The idea of "The Bard sRc" came, actually, from my development of the story of Phobia. I was playing with the idea of a double of myself in that world sitting in on the storyline as a side character, taking down notes of what was happening to develop into a video game later. I didn't really call him the Bard until I paired him with another character, though, as a opposing personality to another sideline character, with that character referring to him not by name, and not by alias, but simply "The Bard" whenever someone asked her about him.

But putting aside where I first really used the term, the concept of "The Bard sRc" encompasses so much more.
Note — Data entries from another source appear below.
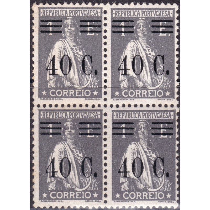 Quadra do selo nº470 com charneira, papel liso e dent. 12x11½ com variedades de cliché. Exemplar em boas condições.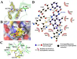 - 1 2 3 Ye G, Wang X, Tong X, Shi Y, Fu ZF, Peng G (February 2020). "Structural Basis for Inhibiting Porcine Epidemic Diarrhea Virus Replication with the 3C-Like Protease Inhibitor GC376". Viruses. 12 (2): 240. doi:10.3390/v12020240. PMC 7077318. PMID 32098094.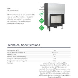Efficient burning process and maintaining of temperature to keep the warmth for longer thanks to lining of combustion chamber with TERMOTEC – heat accumulating material which raises the temperature in the combustion chamber.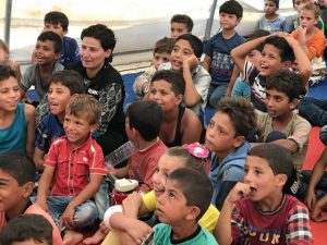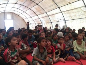 Savaş mağduru çocuklar çadırkent içinde yaşadıkları acıları unutarak, güle eğlene çizgi film izledi, oldukça keyifli anlar yaşadı.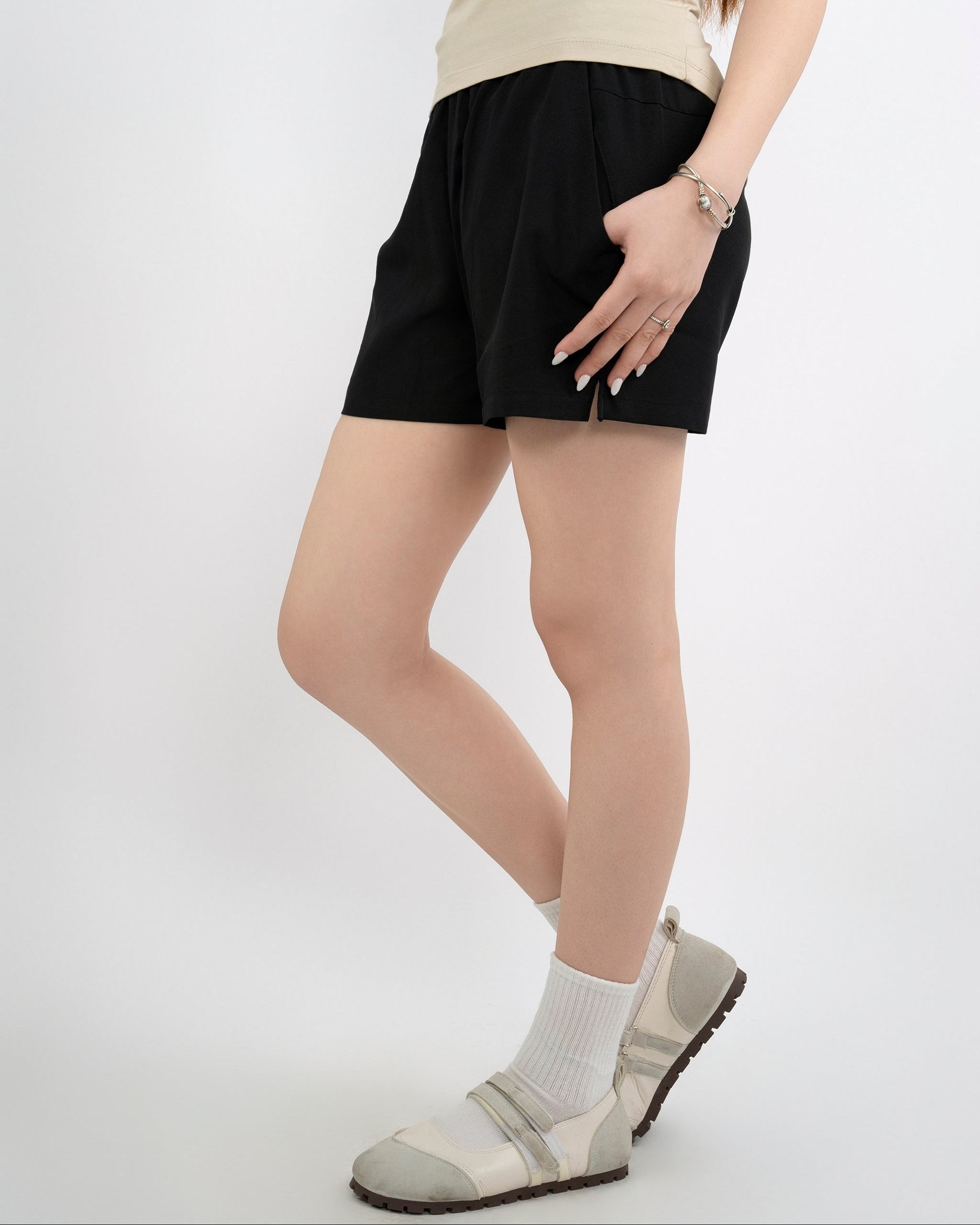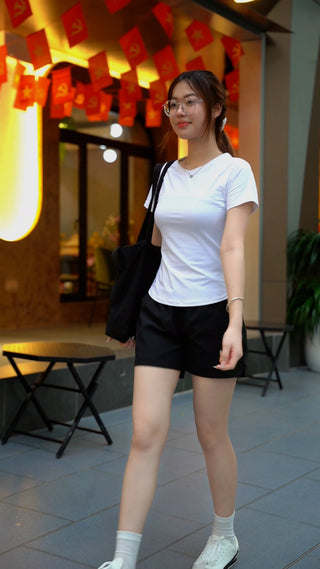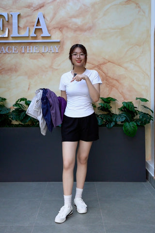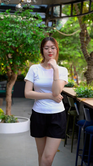 Quần short cạp chun nữ mang đến sự thoải mái tối đa với chất liệu co giãn, thoáng mát, thấm mồ hôi và khô nhanh, lý tưởng cho mọi hoạt động từ đi chơi đến tập luyện. Thiết kế ngắn gọn với đường viền góc cạnh cho phép di chuyển linh hoạt, cạp chun bên trong cùng dây rút điều chỉnh hoàn hảo và túi khóa giọt lệ tiện lợi, dễ phối với áo thun hay crop top.

Refractions of a Shattered Soul, a opposing story I had started on the AnacondaSoftware site called "Reflections of a Tortured Soul", the many fragments of stories I've started but never finished, all the way back to my high school and the creation of the concept of James Millen. I am an author, I am a musician. I am the storyteller, and my job is to do just that. And it is my wish, and my task, that you not know me directly, but instead know me and remember me for my work. My name is not important, what's important is what you gain from my stories. I am the Author, I am the Bard.

Gather 'round, let me tell you a story.

Date posted: 26 June, 2009
Tags: j_millen movies music names new_alexandria novels personal regularspelling television video_games writing

RTFM?

So I was putting back together an old Pentium 1 computer, which I have mentioned before as giving me nothing but problems when it was my main computer, but I need to run some old sound hardware I plan on using. As I turned it on to make sure it hadn't been damaged and become inoperational in the years of disuse, I was presented with a beep code from the BIOS. I had to go look it up, and in the process stumbled upon the original manual for the machine on the HP website.

As I read through it, I found certain supported operating configurations, which, as it turned out, I was not running it in. Specifically, the RAM requirements, I was running in an unsupported configuration. As it was RAM - which the original had gone misssing - that was the whole cause for the beep code, I needed to track down some different RAM for the machine (thanks Duaine!). I put in RAM in a supported configuration, then began thinking I may have to make an entry on how the years I was running this machine and complaining about it were purely my fault, since it was trying to run with RAM it could not support.

However, a few minutes trying to run Rise of the Triad to test later, all that worry was gone as the problem resurfaced to assure me there was an actual issue with the machine.